During the second study phase 2023, the sensitivity of ECLIA was higher at low viral loads compared to Omicron samples from 2022 and “non-Omicron” samples. On closer inspection of the measurement kinetics, the diagram of Fig. 2D showed a trend of the respective readings towards an asymptote close above the cutoff of 1.0. We can only speculate about the reason for this discrepancy, but tend to view the measurements collected for the ECLIA in 2023 with caution and not overestimating them for the following reason: Our analysis of test kinetics for PCR-negative samples below the cutoff demonstrated distinct differences between the four tests investigated. The CLEIA stands out from the other tests with only about half of the 303 PCR-negative samples lying on the lower asymptote/lower limit of the measurement range (0.01 mg/ml; data not shown). The other three tests, including the ECLIA, did not show such a dynamic in this measurement range. Analysis of the mean deviation of the measured values of the PCR-negative specimens from the cutoff clearly demonstrated that the lower asymptote of the measuring range for ECLIA was only slightly below the cutoff with less than two standard deviations. For CLIA and ELISA, at least four standard deviations of the measured values of PCR-negative samples from the cutoff have been established by the manufacturers for unambiguous differentiation. The small difference in the measured values of low-positive specimens, which lie at the lower asymptote of the ECLIA, from the cutoff is so small that we cannot exclude the possibility of shifts in the results of low-positive specimens above the cutoff in different series of measurements. According to the manufacturer, no changes were made to the commercial assay between 2022 and 2023. A further confounding factor could be batch-dependent fluctuations. Due to the limited amount of material, it was unfortunately not possible to repeat measurements to explore this. When using cell culture media-derived VoC samples in this study, the ECLIA was susceptible to interference from the medium used resulting in low false-positive measurements. However, since the VTM used for the 2023 Omicron samples was not changed according to the supplying laboratory, in contrast to the 2022 samples, it is unlikely that an interfering transport medium is the cause of the observed differences in the evaluation of the patient samples.

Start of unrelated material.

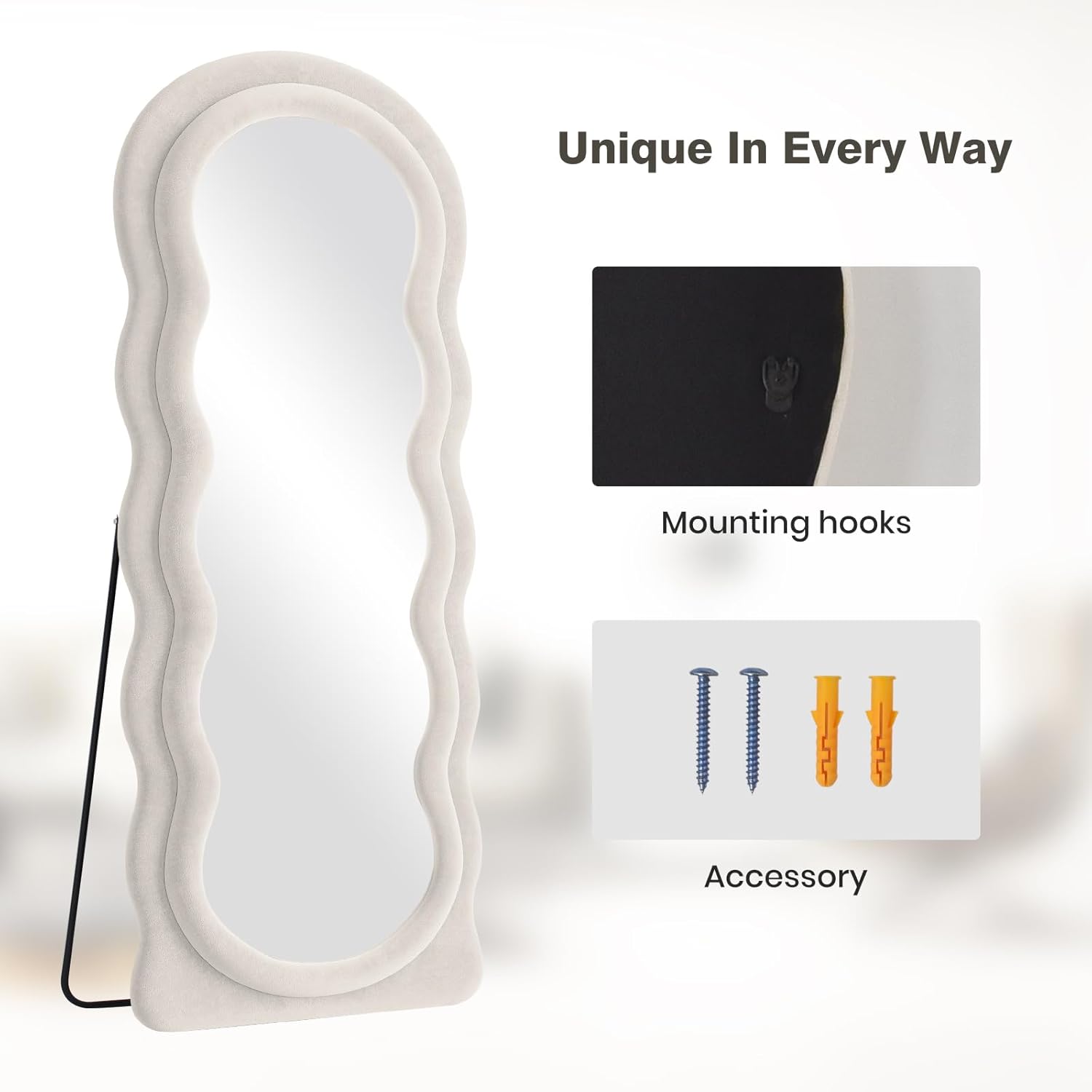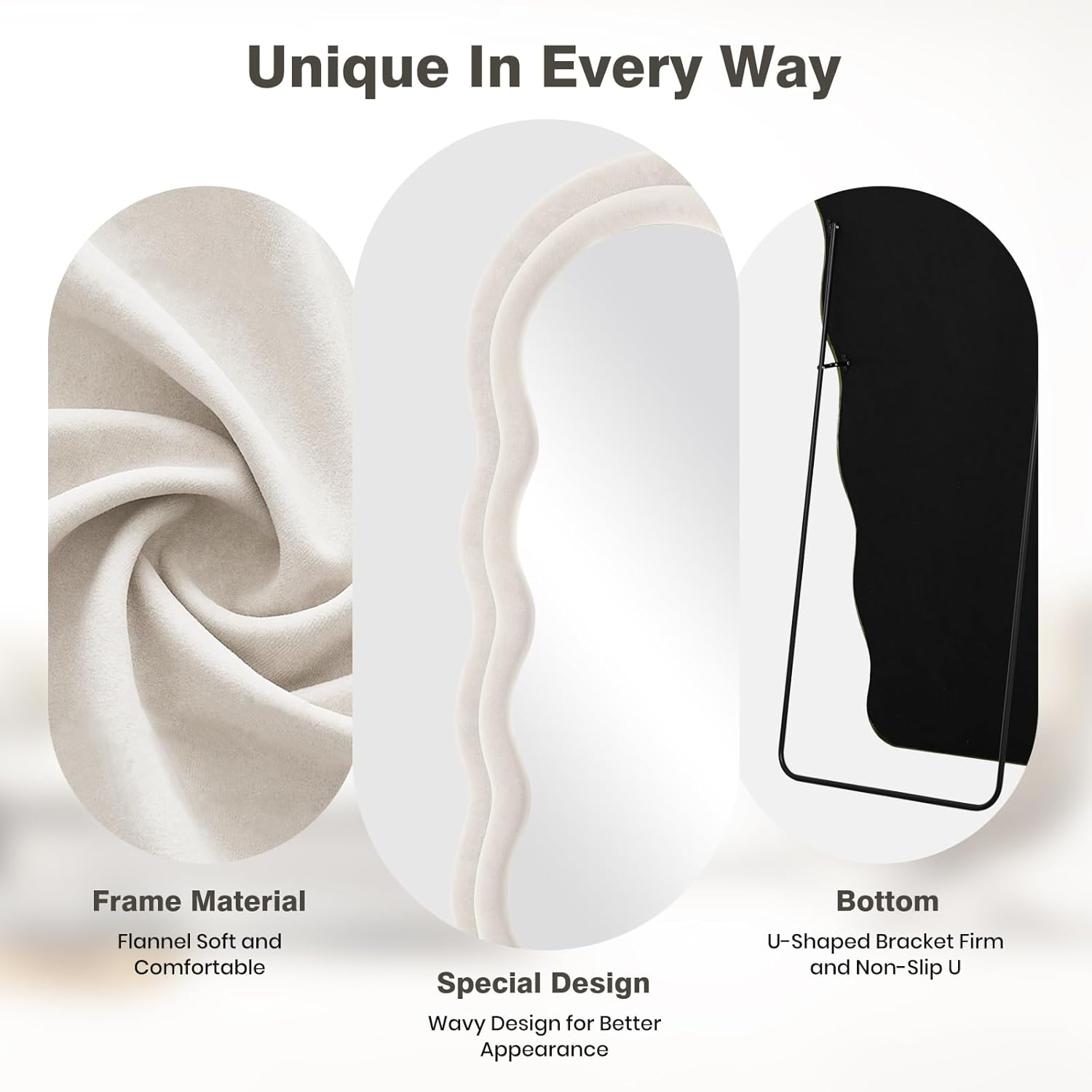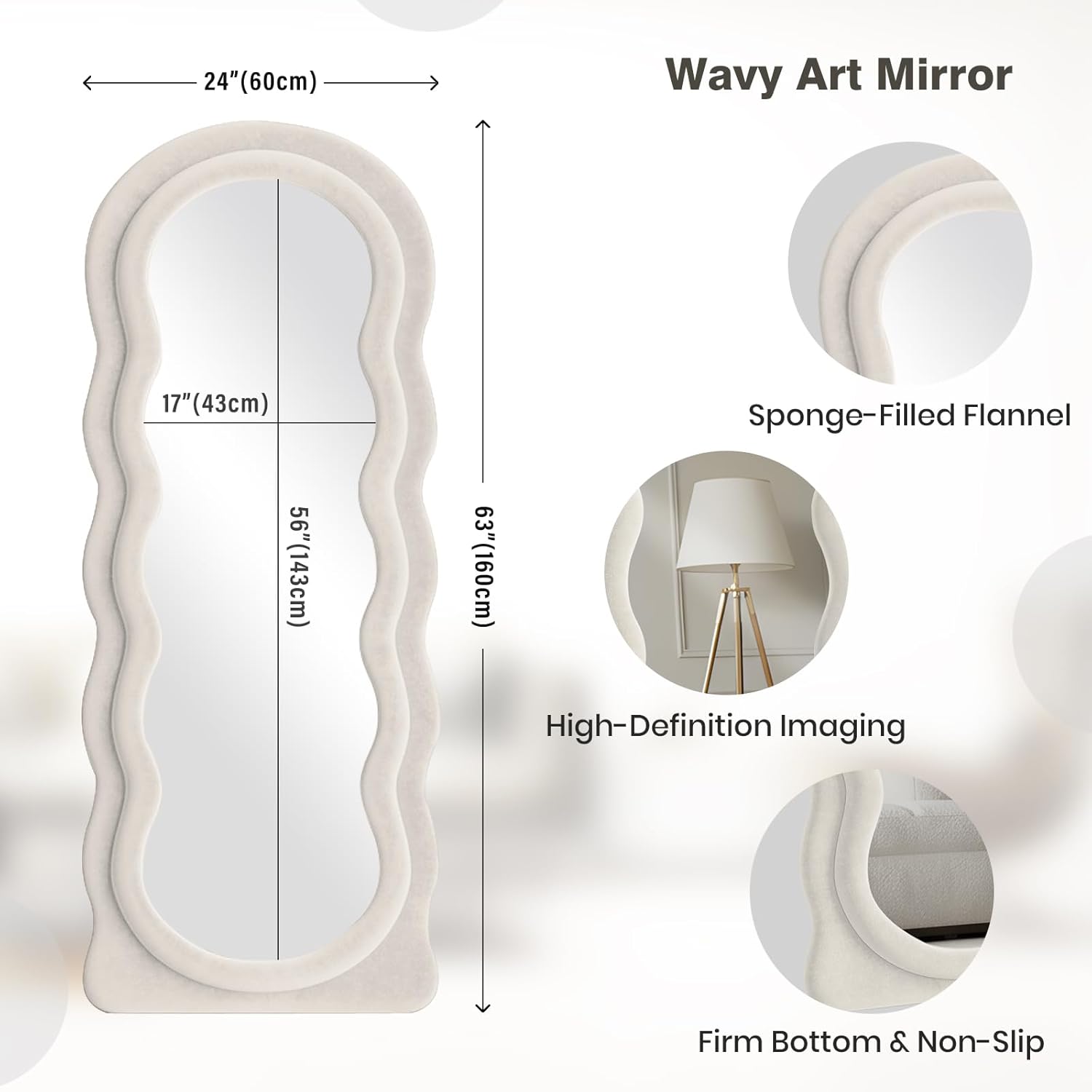 - White Flannel Irregular Wavy Frame Floor Mirror: The full length standing mirror features a modern style that can complement any type of room decor, adding a touch of elegance to your room. It will be a great wall decor art piece for your home. This full body mirror with sleek looking is also great for selfies or pictures in general

In the current phase of the pandemic, different Omicron sublineages or recombinants co-evolve regionally. Originating from previously dominating variants, subvariants derived from Omicron-BA.2 (BN.1, BA.2.75), BA.2 recombinants (XBB) or BA.5 subvariants (BQ.1, BF.7) have emerged. Besides additional adaptions in the spike protein, some of these have also acquired mutations in the nucleocapsid protein (e.g., BF.7: Del30/32, S33F, or BQ.1: E136Q [66]) (Table 5). A broad understanding of the complex interplay between molecular changes caused by mutations, interference with the host immune system and the impact of the latter on disease progression, virus production and release onto the respiratory mucosa is essential for the continued use of Ag-based diagnostic methods with appropriate reliability. We strongly believe that both RATs and automated Ag tests should be carefully re-evaluated by independent laboratories when new VoCs emerge or immunological and clinical parameters in the population change.